Lise Getoor is a professor in the Computer Science Department at the University of California, Santa Cruz and director of the UCSC D3 Data Science Research Center. Her research areas include machine learning, data integration and reasoning under uncertainty. She has over 250 publications and extensive experience with machine learning and probabilistic modeling methods for graph and network data. She is a Fellow of the Association for Artificial Intelligence, and has served as an elected board member of the International Machine Learning Society, served on the board of the Computing Research Association (CRA), and was co-chair for ICML 2011. She is a recipient of an NSF Career Award and twelve best paper and best student paper awards. She received her PhD from Stanford University in 2001, her MS from UC Berkeley, and her BS from UC Santa Barbara, and was a professor in the Computer Science Department at the University of Maryland, College Park from 2001-2013.

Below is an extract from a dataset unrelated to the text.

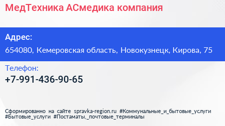МедТехника-АСмедика, компания по адресу 654080, Кемеровская область, Новокузнецк, Кирова, 75 в дальнейшем Организация, размещена в следующих категориях:

Subjective databases: Enabling Search by Experience (Slides)
by Wang-Chiew Tan
Abstract: Today's online shopping systems enable consumers to sift through a vast amount of information by manipulating combinations of predefined filters. These filters, such as travel dates, price range, and location, are objective attributes that lead to an indisputable set of answers. However, we show that users' search criteria are often subjective and experientially expressed. Hence, to provide consumers with an enhanced search experience, online shopping systems should directly support both subjective and objective search. I will describe how this is done in an experiential search engine that we are currently developing at Megagon Labs; by harnessing information "outside the box", in the text of online reviews or social media, views, and interpreting subjective queries.
Wang-Chiew Tan leads the research efforts at Megagon Labs. Prior to joining Megagon Labs, she was a professor of Computer Science at the University of California, Santa Cruz and she also spent two years at IBM Almaden Research Center. Her research interests include data provenance, data integration, and very recently, natural language processing. She is the recipient of an NSF CAREER award, a Google Faculty Award, and an IBM Faculty Award. She is a co-recipient of the 2014 ACM PODS Alberto O. Mendelzon Test-of-Time Award and a co-recipient of the 2018 ICDT Test-of-Time Award. She was the program committee chair of ICDT 2013 and PODS 2016. She is currently on the VLDB Board of Trustees and a Fellow of the ACM.